Re: Lua interpreter and Lua files encoding
[
Date Prev][
Date Next][
Thread Prev][
Thread Next]
[
Date Index]
[
Thread Index]
- Subject: Re: Lua interpreter and Lua files encoding
- From: Peter Odding <peter@...>
- Date: 2011年1月06日 11:45:43 +0100
Anyway, is this only an implementation artifact? Or is something that
will last? In this latter case a mention in the reference manual could
be useful, since utf8 is very common nowadays and generating utf8 files
using Lua, _without specialized libraries_ and without the hassle of
encoding literals with escape sequence, is really a useful!
The Lua 5.1 reference manual defines that "strings in Lua can contain
any 8-bit value" but it doesn't guarantee the same for literal strings
embedded in Lua source code. So if you really want to guarantee
compatibility with different Lua implementations (e.g. LuaJIT, Kahlua,
luaj, Jill, LuaCLR, LuaToCee, the list* goes on for quite a while..)
then it might be wise to encode UTF-8 string literals using escape
sequences. On the other hand, the end of line normalization mentioned
earlier should never corrupt valid UTF-8 sequences because UTF-8 was
specifically designed to be compatible with ASCII.
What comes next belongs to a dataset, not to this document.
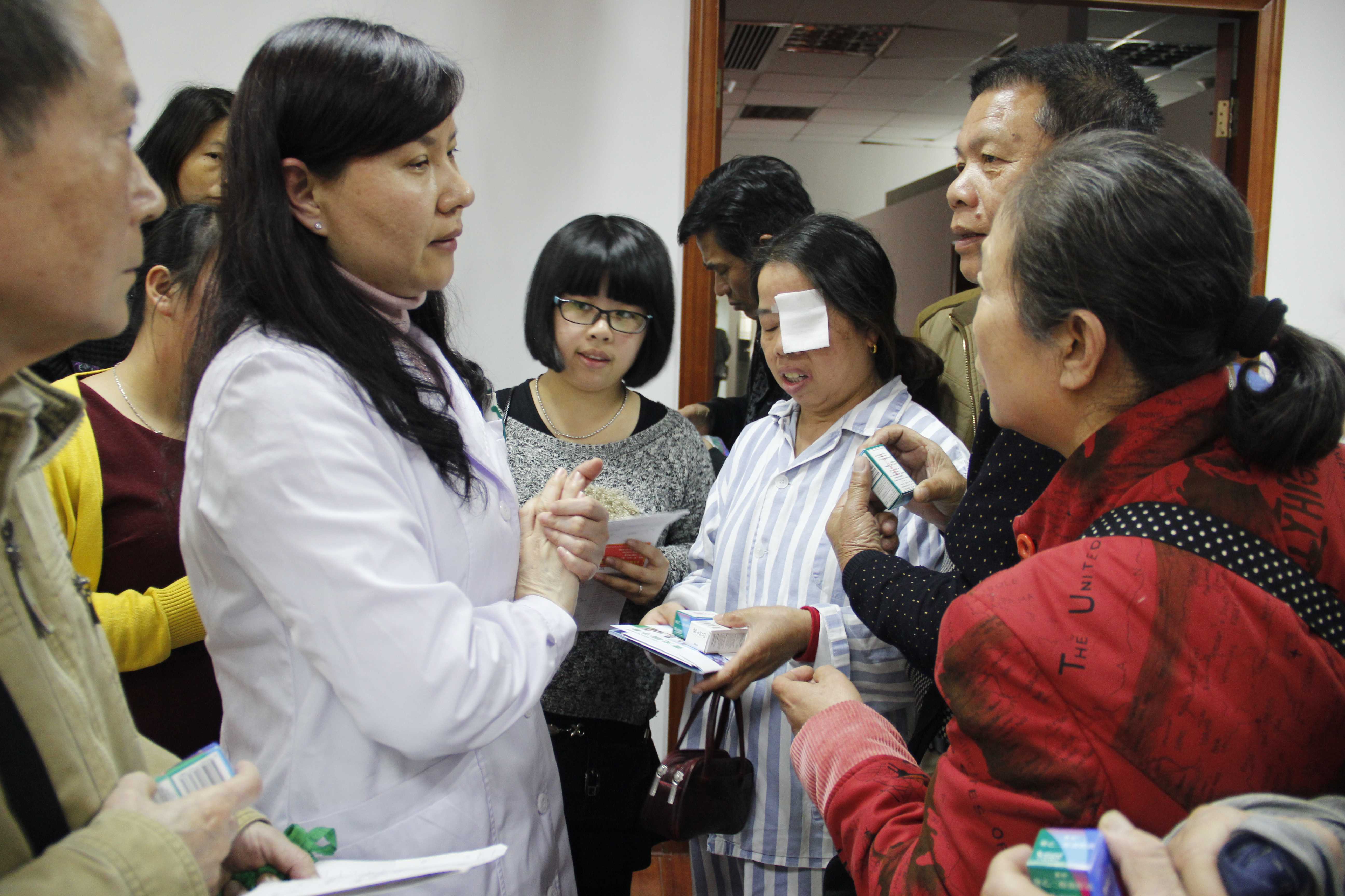 科室曾來了一個(gè)外地打工的18歲小姑娘,父母近親結(jié)婚導(dǎo)致她的身體狀況欠佳,因?yàn)榧彝ソ?jīng)濟(jì)拮據(jù),并未及時(shí)得到治療,直至雙眼視物逐漸模糊、變黑她才到醫(yī)院就診。經(jīng)檢查,小姑娘晶體脫位并患有繼發(fā)青光眼,雙眼都需要手術(shù),但昂貴的手術(shù)費(fèi)他們無(wú)法承受。為了能讓小姑娘順利完成青光眼引流釘手術(shù),王玉宏為她聯(lián)系了慈善機(jī)構(gòu),并發(fā)動(dòng)科室人員為她們一家捐贈(zèng)財(cái)物。由于青光眼具有家族遺傳的性質(zhì),在她的妹妹身上也檢查出青光眼,但還沒有那么嚴(yán)重,王玉宏也免費(fèi)為她妹妹提供藥物治療。多年來,青光眼科室精湛的醫(yī)療技術(shù)和善舉贏得了患者和家屬的好評(píng),更有不少患者慕名其拿來就診。

I don't think the Lua reference manual should mention UTF-8 unless it
will guarantee that string literals with UTF-8 contents are passed
through unharmed. However the writing in the Lua reference manual is
generally quite conservative. I think one of the reasons for this is to
ease the implementation of Lua on a range of platforms with different
characteristics.
- Peter Odding
* http://lua-users.org/wiki/LuaImplementations
PS. Given the above I don't see how you would need "specialized
libraries" to generate Lua source code containing literal strings with
UTF-8 using escape sequences, i.e. the following should suffice to
output such string literals:
function encode_literal(s)
return '"' .. s:gsub('[^A-Za-z0-9 ]', function(c)
return ('\\%d'):format(c:byte())
end) .. '"'
end
print(encode_literal 'Ångström')